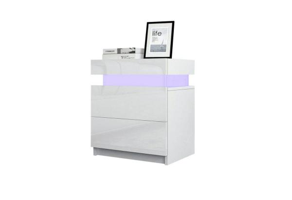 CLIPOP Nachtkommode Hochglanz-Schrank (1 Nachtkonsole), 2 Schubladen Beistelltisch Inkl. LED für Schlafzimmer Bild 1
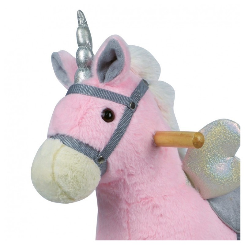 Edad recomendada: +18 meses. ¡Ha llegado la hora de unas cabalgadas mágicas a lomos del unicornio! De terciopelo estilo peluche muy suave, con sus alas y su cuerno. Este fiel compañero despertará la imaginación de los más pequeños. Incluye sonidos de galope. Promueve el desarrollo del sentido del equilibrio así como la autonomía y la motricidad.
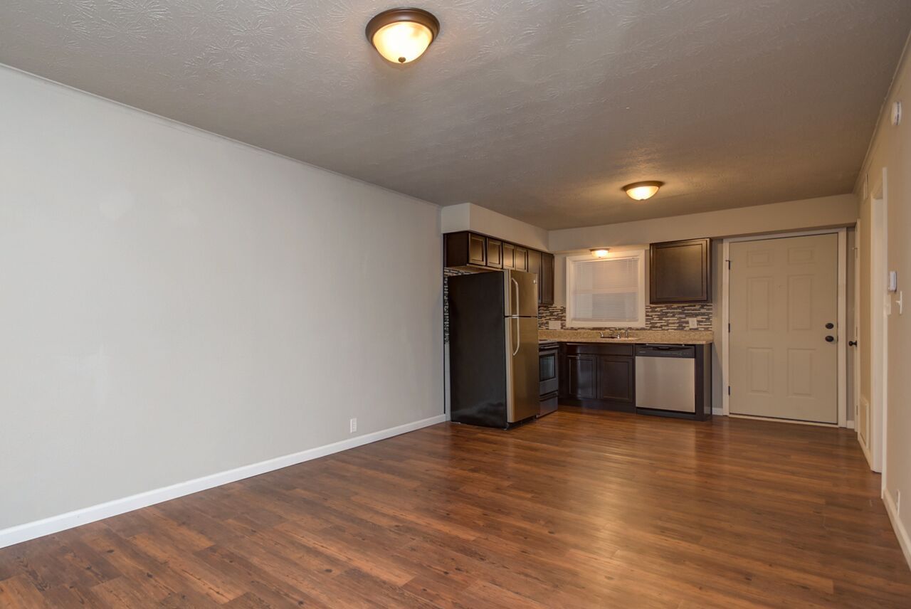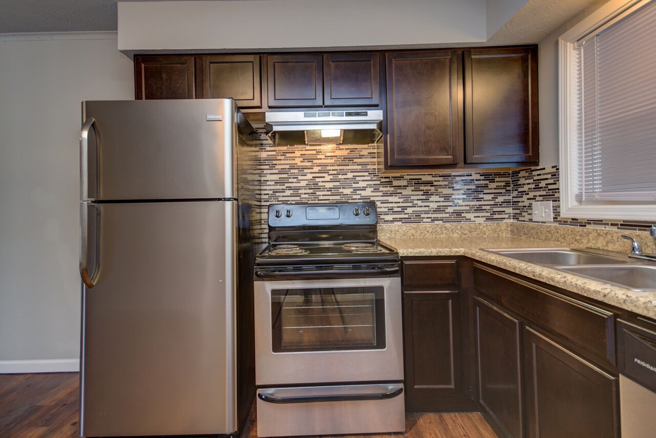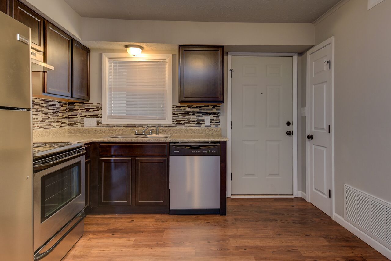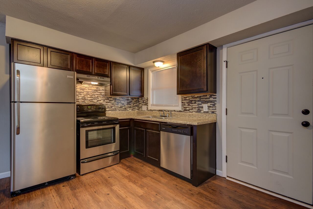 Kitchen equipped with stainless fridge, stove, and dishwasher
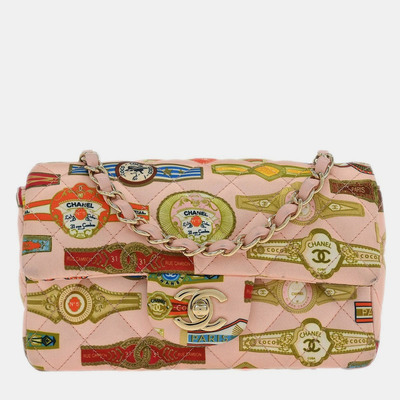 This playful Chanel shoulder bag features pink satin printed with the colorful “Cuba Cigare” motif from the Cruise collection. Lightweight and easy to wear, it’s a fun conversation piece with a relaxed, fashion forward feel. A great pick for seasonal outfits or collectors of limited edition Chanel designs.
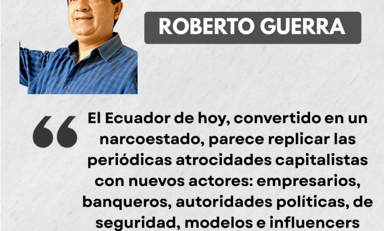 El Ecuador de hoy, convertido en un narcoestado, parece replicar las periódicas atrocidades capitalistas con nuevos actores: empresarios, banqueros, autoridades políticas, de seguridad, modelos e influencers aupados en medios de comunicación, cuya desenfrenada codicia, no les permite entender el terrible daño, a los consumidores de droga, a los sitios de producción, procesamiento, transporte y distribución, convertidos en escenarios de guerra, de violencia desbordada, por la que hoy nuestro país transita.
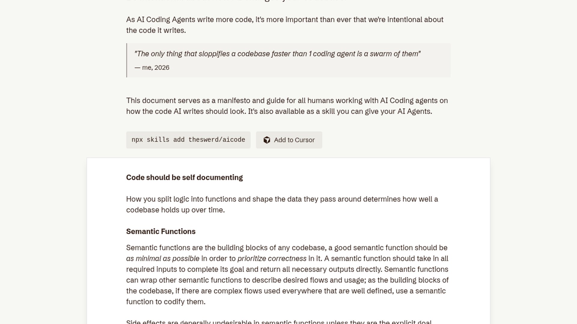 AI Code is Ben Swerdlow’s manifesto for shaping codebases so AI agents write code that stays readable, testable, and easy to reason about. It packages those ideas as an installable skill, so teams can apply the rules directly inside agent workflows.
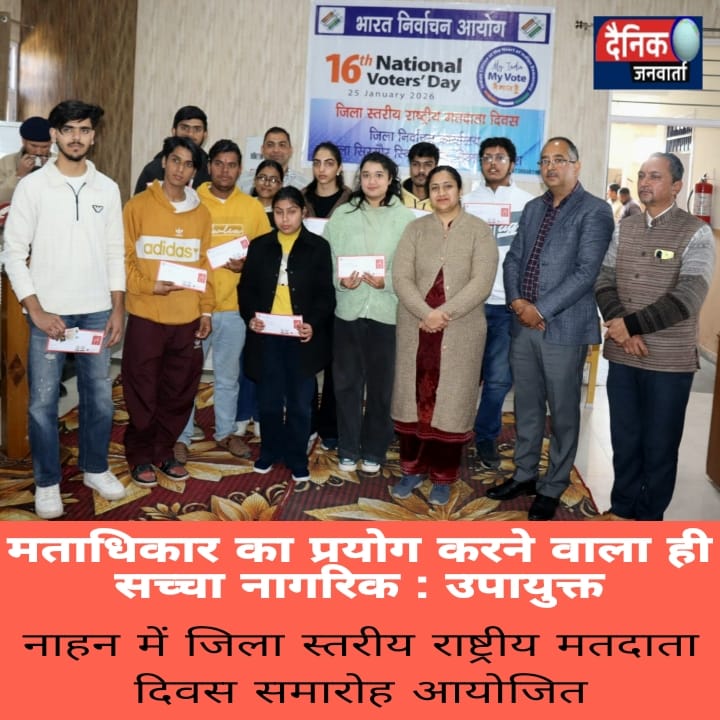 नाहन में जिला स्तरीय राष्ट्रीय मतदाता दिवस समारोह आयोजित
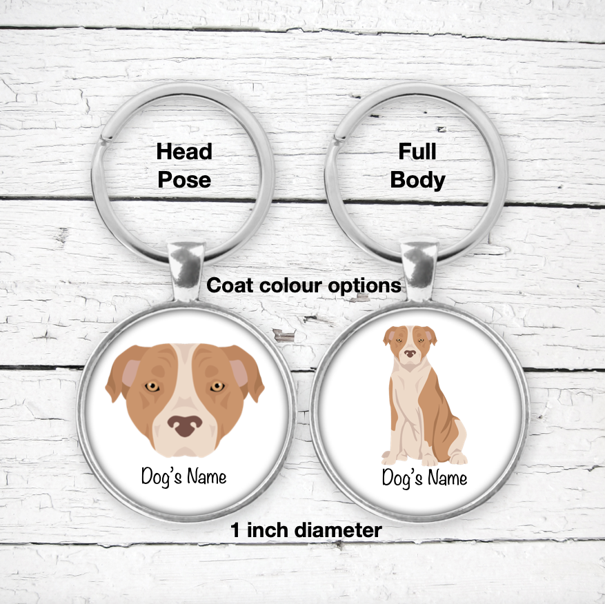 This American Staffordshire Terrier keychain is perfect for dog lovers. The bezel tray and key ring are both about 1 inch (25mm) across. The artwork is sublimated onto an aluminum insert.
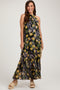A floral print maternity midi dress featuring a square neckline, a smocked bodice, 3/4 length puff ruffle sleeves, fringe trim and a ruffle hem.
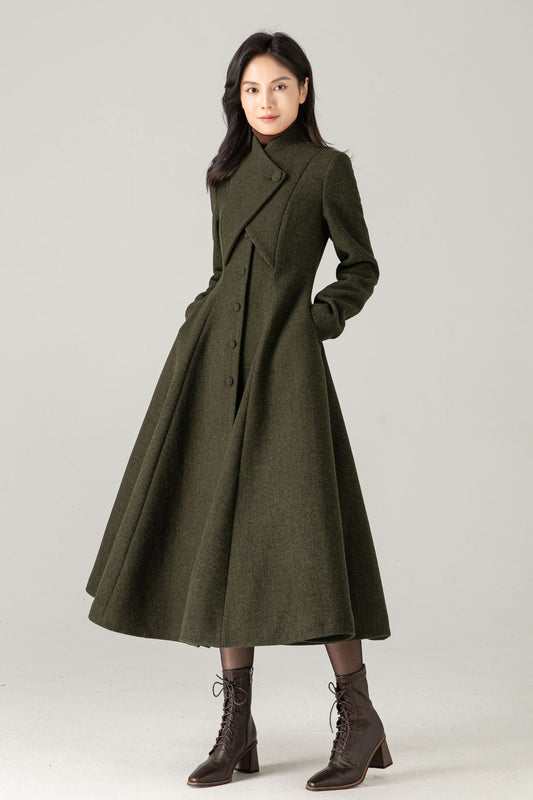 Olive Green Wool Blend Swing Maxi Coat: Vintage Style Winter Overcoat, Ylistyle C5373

========

# [Your goal]
With all pictures removed, reproduce the lines from the top of the entries above through the line containing "El Ecuador de", exactly as written.

# [Output for this task]
 CLIPOP Nachtkommode Hochglanz-Schrank (1 Nachtkonsole), 2 Schubladen Beistelltisch Inkl. LED für Schlafzimmer Bild 1
 Edad recomendada: +18 meses. ¡Ha llegado la hora de unas cabalgadas mágicas a lomos del unicornio! De terciopelo estilo peluche muy suave, con sus alas y su cuerno. Este fiel compañero despertará la imaginación de los más pequeños. Incluye sonidos de galope. Promueve el desarrollo del sentido del equilibrio así como la autonomía y la motricidad.
 Kitchen equipped with stainless fridge, stove, and dishwasher
 This playful Chanel shoulder bag features pink satin printed with the colorful “Cuba Cigare” motif from the Cruise collection. Lightweight and easy to wear, it’s a fun conversation piece with a relaxed, fashion forward feel. A great pick for seasonal outfits or collectors of limited edition Chanel designs.
 El Ecuador de hoy, convertido en un narcoestado, parece replicar las periódicas atrocidades capitalistas con nuevos actores: empresarios, banqueros, autoridades políticas, de seguridad, modelos e influencers aupados en medios de comunicación, cuya desenfrenada codicia, no les permite entender el terrible daño, a los consumidores de droga, a los sitios de producción, procesamiento, transporte y distribución, convertidos en escenarios de guerra, de violencia desbordada, por la que hoy nuestro país transita.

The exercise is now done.